The current state of the art of data acquisition in the laboratory is very diverse. A lot of different devices are used, analogue as well as digital ones. Images are recorded and human observations are made (see Fig. 1). Usually all experimental setups and observations are summarized in a handwritten lab notebook, independently from digital or analogue sources. Even plotted results, like chromatograms or spectra, are printed out and glued into such notebooks. The big advantage: all information and data from all the widespread sources are merged in one place. All the different formats from all the heterogeneous systems are homogenized, but unlikely in a very analogue way. This transformation is very error prone, time-consuming and goes along with a huge time delay. Additionally, these lab notebooks are only readable and reusable by the owner; in most cases, other people are not able to get any information out of it in an acceptable time.
A common way to save experimental data next to the lab notebook is on a hard disc or USB. This is a temporary solution and not save; so many people have switched to use cloud server for data storage. This simplifies data sharing with colleagues inside and outside the company and most clouds support access authorization. Without an agreement about the structure or further comments about the context of the data, cloud servers are not usable for researcher groups, especially by the exponentially growth of the data quantity. It should be questioned if this is sufficiently for digitalization and big data analysis without further compliance.
To change the actual and common way of laboratory data acquisition into a digital and modern one, electronic lab notebooks (ELN) can be used [1] (see Fig. 2). With ELNs you can plan experiments, document all devices setups, save digital data according to the experiment and add analogue or human observation manually. A systematic, structured or self-explaining experimental design is saved together with all necessary information about the experiment.
Different initiatives on laboratory automation, like the SiLA (Standardization in Lab Automation) consortium [2], have focused on the connection between sample processing devices and a software system for automation as described by Gauglitz [3]. Additionally, several research and developments have taken place in the area of smart laboratories [4]. The intelligent laboratory of the future is fully digitalized and uses augmented reality and modern human-computer interaction. The facilities and devices are modular with integrated functions for flexible and individual use. Till these techniques find its way into the common reality, the everyday work should be prepared for the future.
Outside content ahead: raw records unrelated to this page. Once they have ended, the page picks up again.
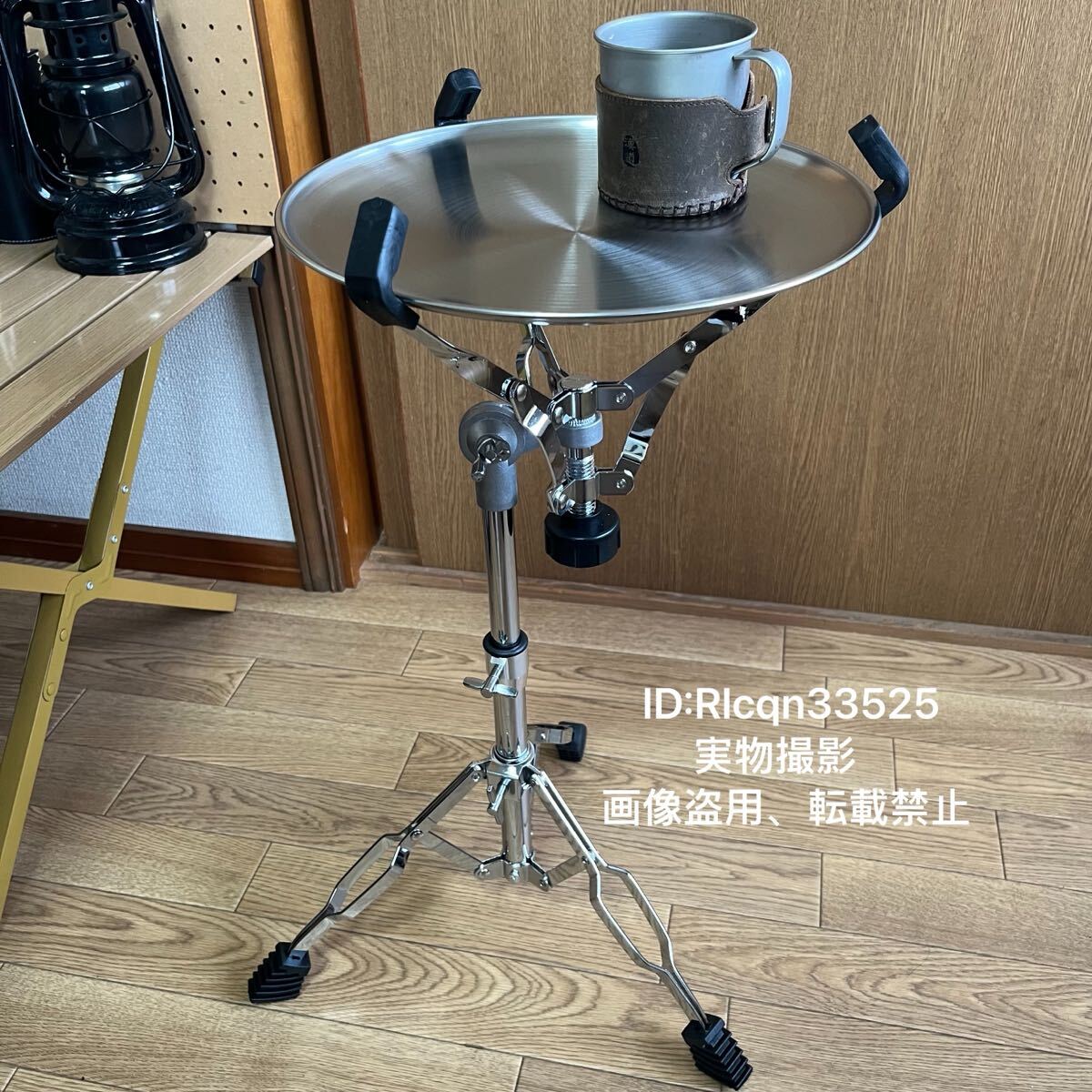 - 超激レア メタル風 キャンプ 超高品質 3足円形テーブル 組立式 ステンレス製 無段高さ調整 径30cm アウトドア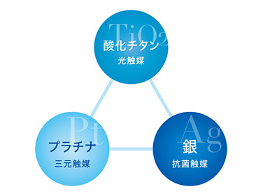 「delfino(デルフィーノ)」は、光触媒(酸化チタン)、抗菌触媒(銀)、三元触媒(プラチナ)などの触媒を組み合わせることで、それぞれの触媒反応が持つ効果を相乗的に発揮させながら、それぞれの弱点を補うという発想の抗ウイルス・抗菌・防臭剤です。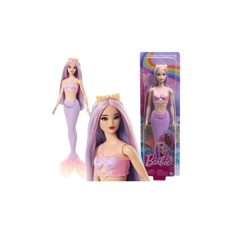 Super lalka Barbie do zabawy dla wszystkich wielbicieli i wielbicielek tych lalek. Syrenka z fioletowym ogonem i długimi niebiesko - różowymi włosami. Lalka ma ruchomą głowę, ramiona, a jej ogon zgina się w talii, dzięki czemu może siedzieć. Płetwa jest półprzezroczysta w pomarańczowym kolorze.
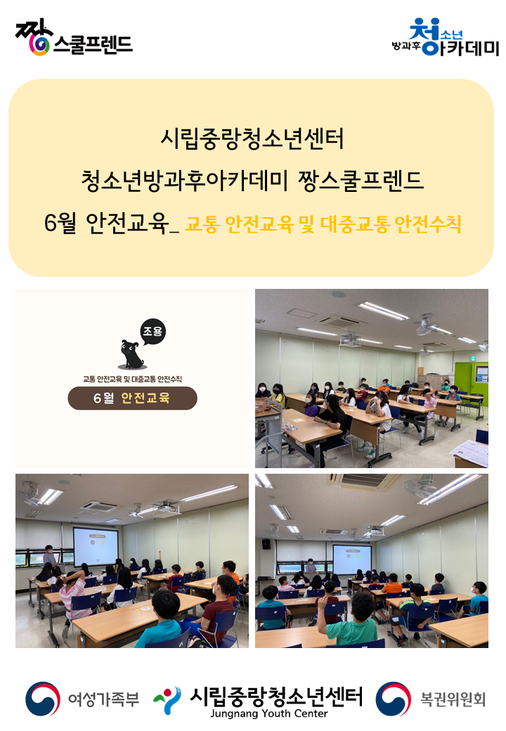 짱스쿨프렌드 6월 안전교육 – 교통 안전교육 및 대중교통 안전수칙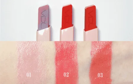 唇膏只有01号色是这种粉蓝色,其他两只是常规的西瓜红和橘色。但02/03颜色不挑皮,无论是黄皮、白皮都可以用,标准的韩系配色。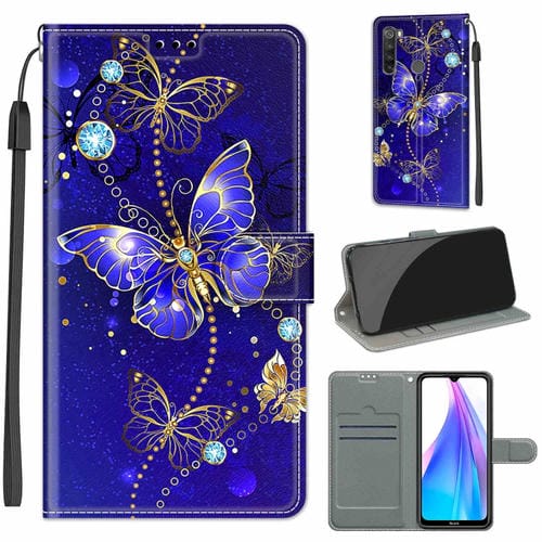 Para Xiaomi Redmi Note 8T Dibujo de Color de Voltaje Dibujo Magnético Cierre de Cuero Horizontal Flip Pu Funda con Soporte y Ranuras para Tarjetas (C11 Blue Golden Cadena Mariposas)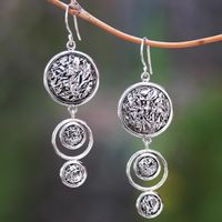 Circular Contoured Sterling Silver Dangle Earrings 'Contour Circles' Item ID: 2671744956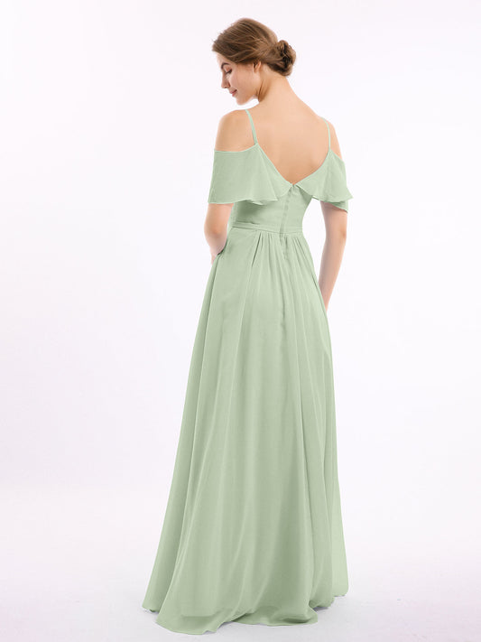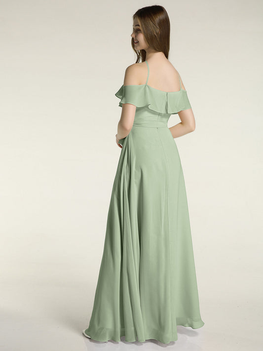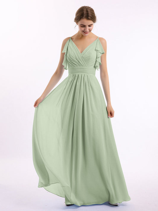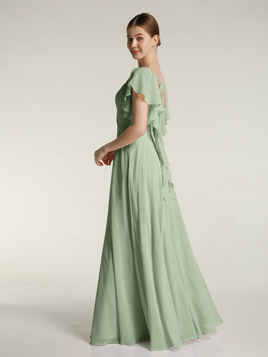 Babaroni RosaVestidos largos de dama de honor de chiffon con escote en Y y mangas de volantes Salvia polvorienta
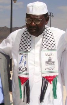 Malik Obama was photographed at an event in Yemen wearing a scarf which  on one side carries the message; “Jerusalem is ours – WE ARE COMING!”

For example, by using ELNs, it is easy to share data in defined groups and the reusability of the data is not only given by the experimenter himself. To increase reusability of data, it is helpful to comment all experiments and the according data by metadata. Metadata should include descriptive information about the context, quality and condition, or characteristics of the data. Therefore, metadata are differentiated into four classes: descriptive metadata gives relevant information about the data; structural metadata shows all relationships; technical metadata provides information about the setup or analysis; and administrative metadata gives information about the author, date and confidentiality.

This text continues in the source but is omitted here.